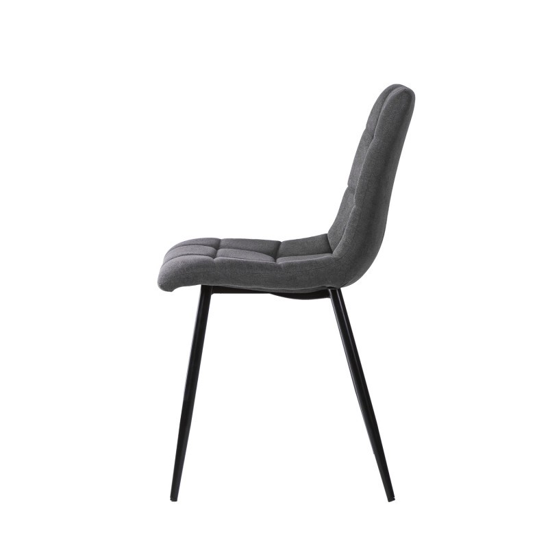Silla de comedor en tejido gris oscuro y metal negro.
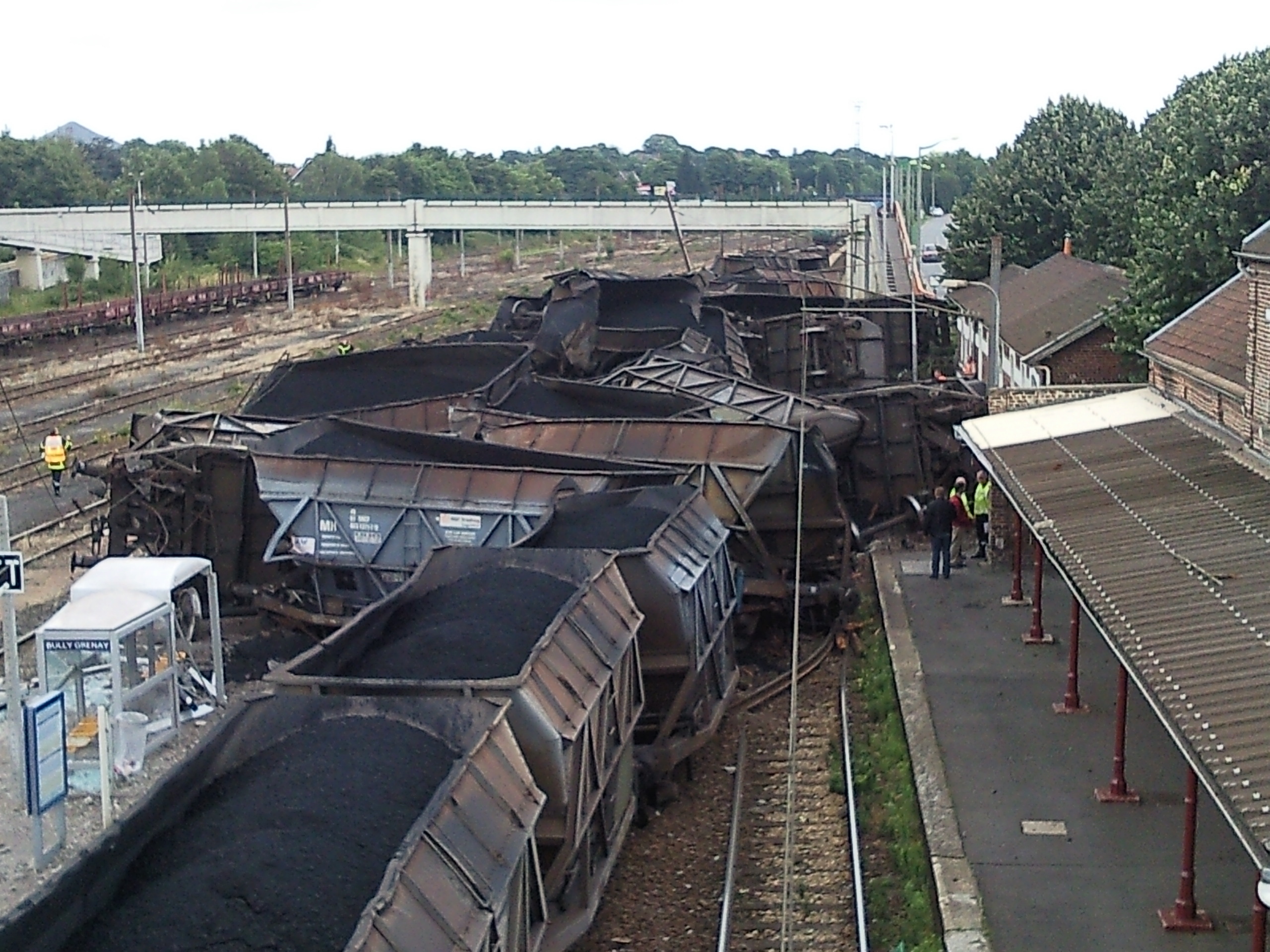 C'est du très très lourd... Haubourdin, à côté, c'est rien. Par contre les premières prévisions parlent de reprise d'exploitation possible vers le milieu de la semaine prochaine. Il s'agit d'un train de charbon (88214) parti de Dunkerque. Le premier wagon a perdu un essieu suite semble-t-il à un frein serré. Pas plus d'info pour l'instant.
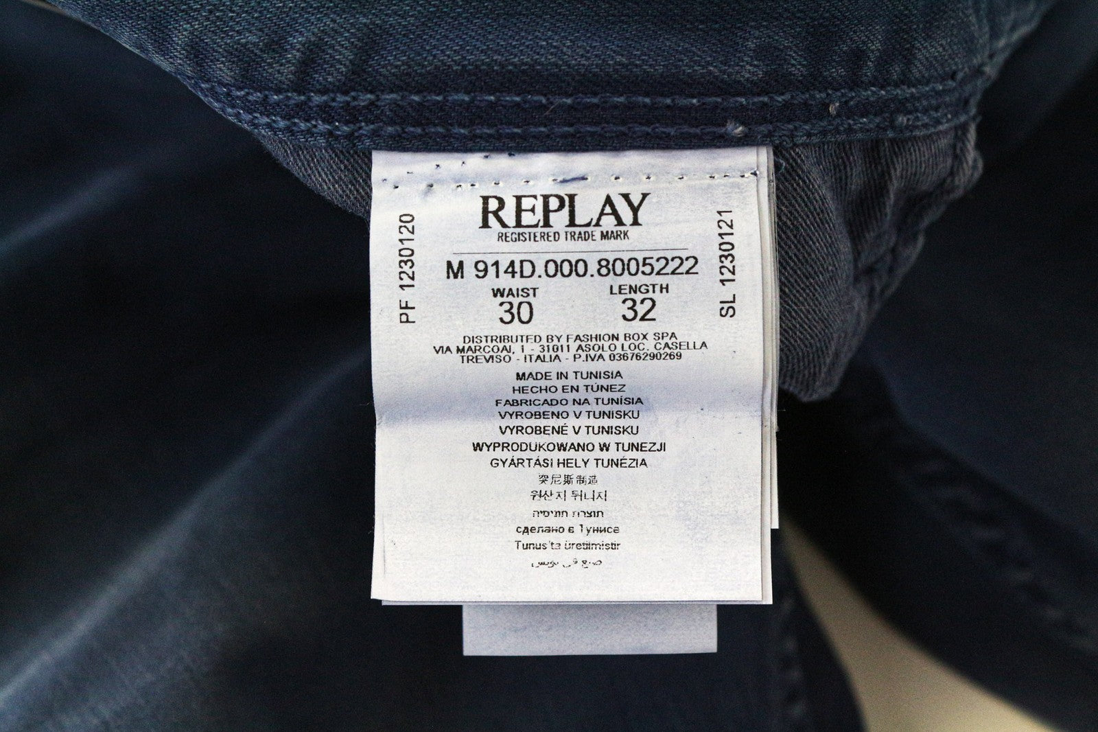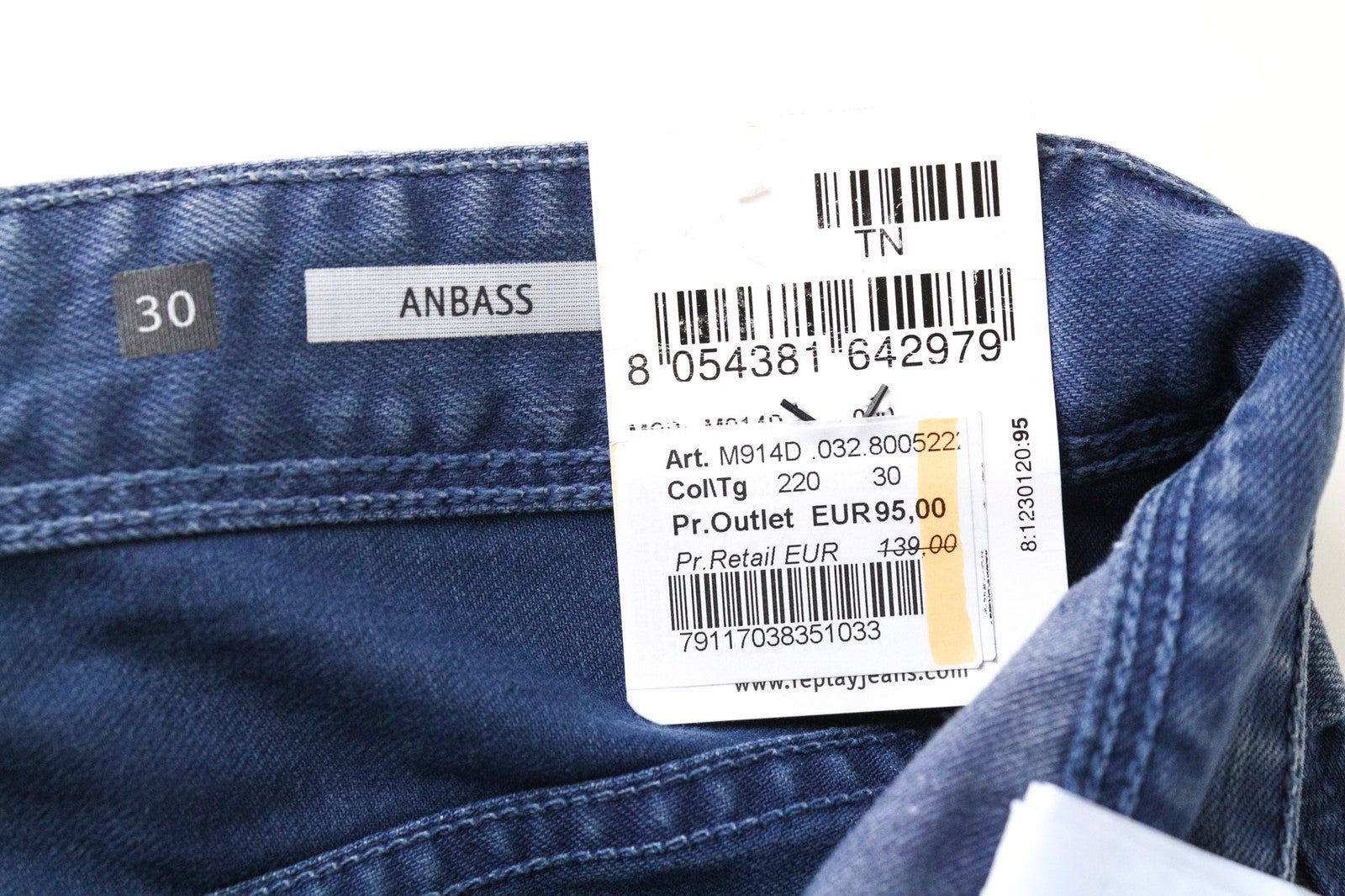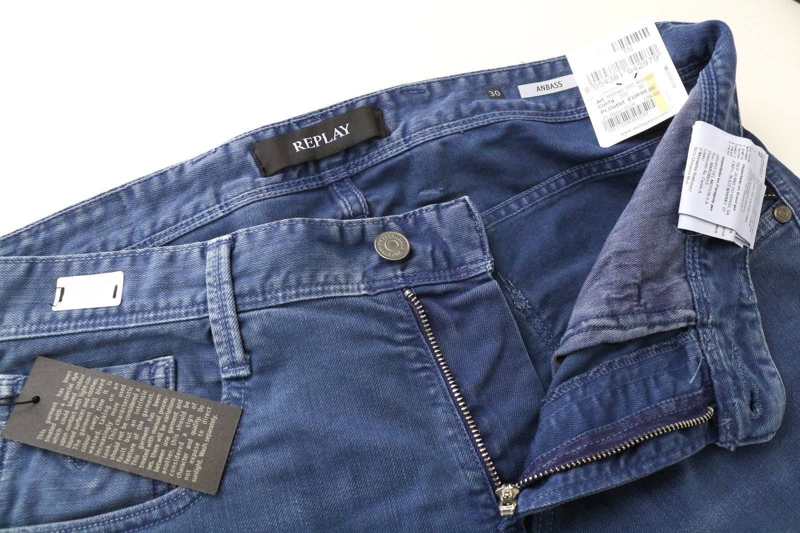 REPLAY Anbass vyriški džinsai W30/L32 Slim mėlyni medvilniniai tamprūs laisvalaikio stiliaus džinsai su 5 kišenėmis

________________________

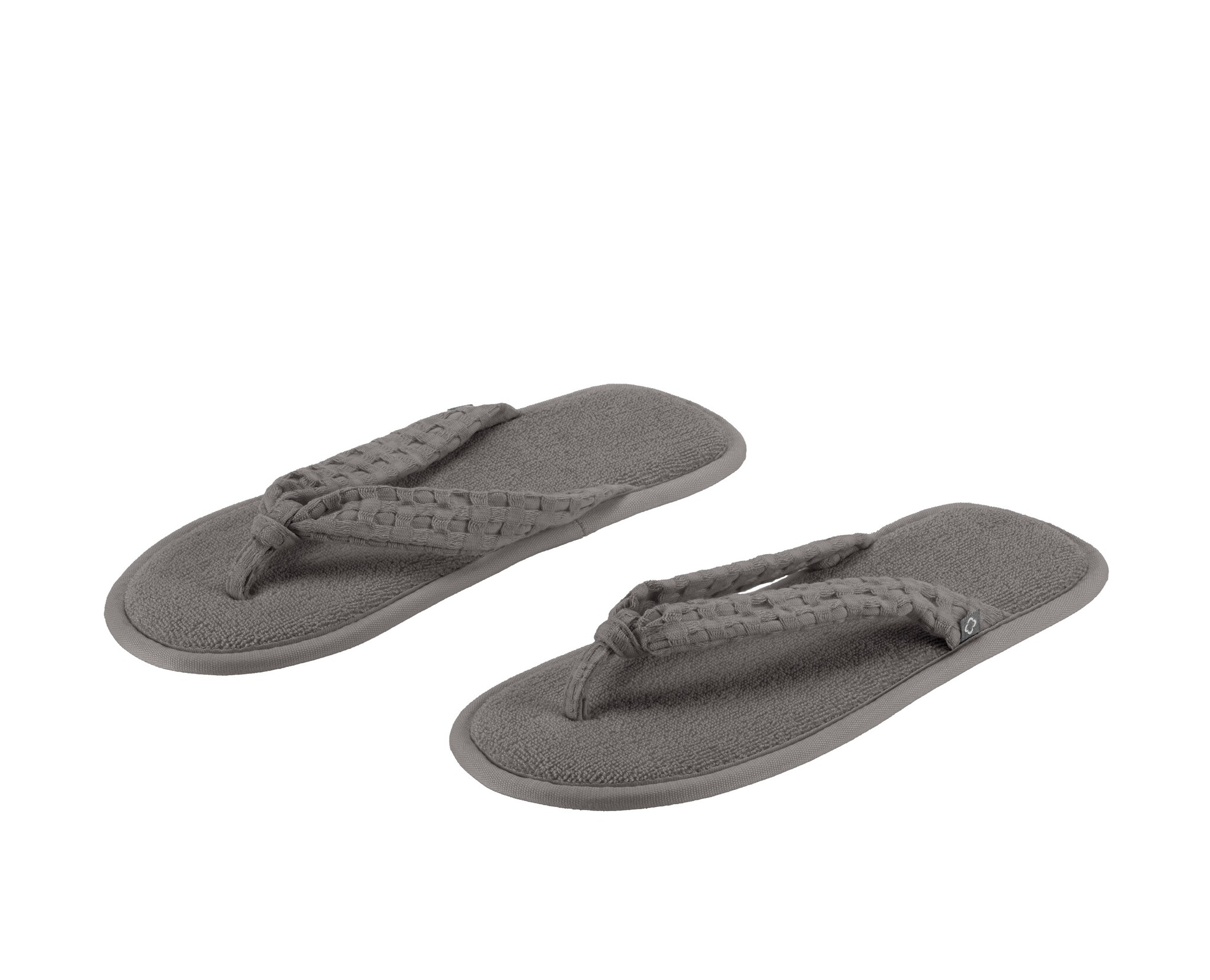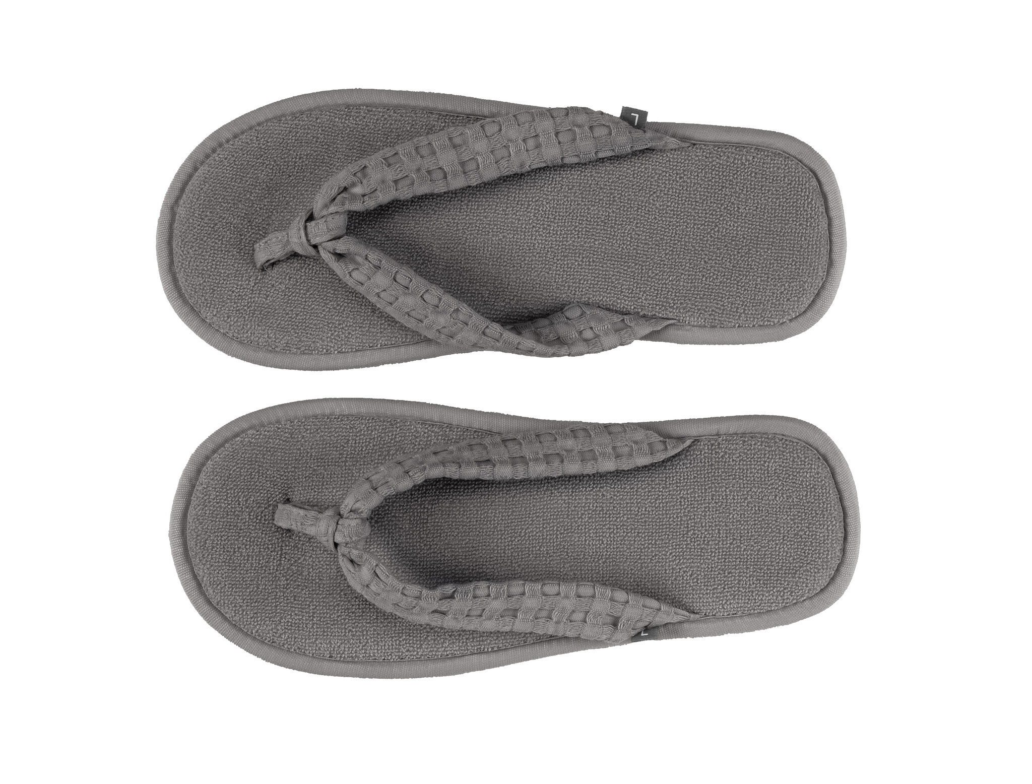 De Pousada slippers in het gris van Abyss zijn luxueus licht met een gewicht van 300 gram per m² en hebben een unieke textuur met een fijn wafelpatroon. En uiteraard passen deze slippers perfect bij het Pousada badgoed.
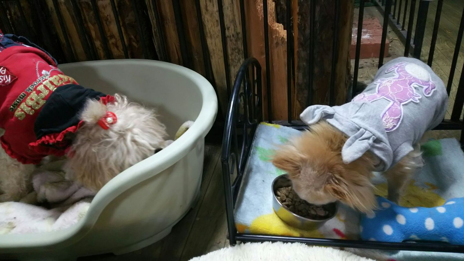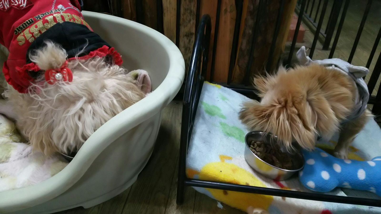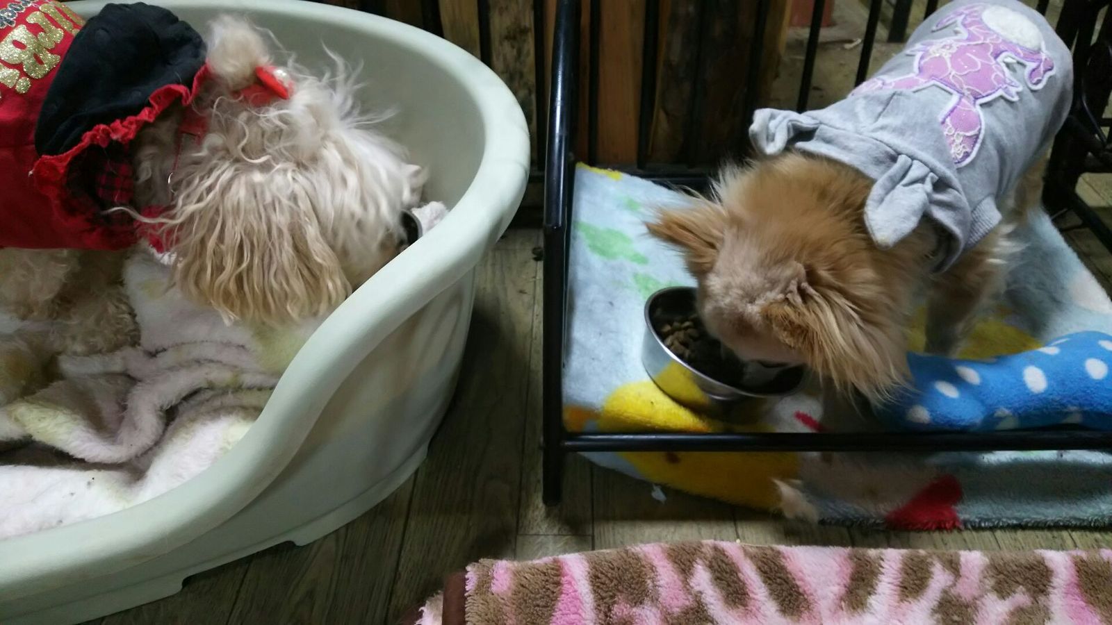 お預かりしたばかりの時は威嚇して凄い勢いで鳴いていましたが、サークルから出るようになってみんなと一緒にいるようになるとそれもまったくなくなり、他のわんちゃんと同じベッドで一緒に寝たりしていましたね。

________________________

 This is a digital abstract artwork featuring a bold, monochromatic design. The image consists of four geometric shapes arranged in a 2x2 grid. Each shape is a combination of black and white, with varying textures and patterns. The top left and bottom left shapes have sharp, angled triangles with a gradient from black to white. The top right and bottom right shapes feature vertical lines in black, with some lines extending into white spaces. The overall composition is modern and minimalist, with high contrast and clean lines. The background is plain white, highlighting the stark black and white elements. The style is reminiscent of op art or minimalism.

________________________

* **EXERCISE INSTRUCTIONS**
When you reach the line with "Silla de comedor" in the records above, begin repeating the lines exactly, and stop after the line with "REPLAY Anbass vyriški". Skip all pictures.

* **WRITTEN RESPONSE**
Silla de comedor en tejido gris oscuro y metal negro.
 C'est du très très lourd... Haubourdin, à côté, c'est rien. Par contre les premières prévisions parlent de reprise d'exploitation possible vers le milieu de la semaine prochaine. Il s'agit d'un train de charbon (88214) parti de Dunkerque. Le premier wagon a perdu un essieu suite semble-t-il à un frein serré. Pas plus d'info pour l'instant.
 REPLAY Anbass vyriški džinsai W30/L32 Slim mėlyni medvilniniai tamprūs laisvalaikio stiliaus džinsai su 5 kišenėmis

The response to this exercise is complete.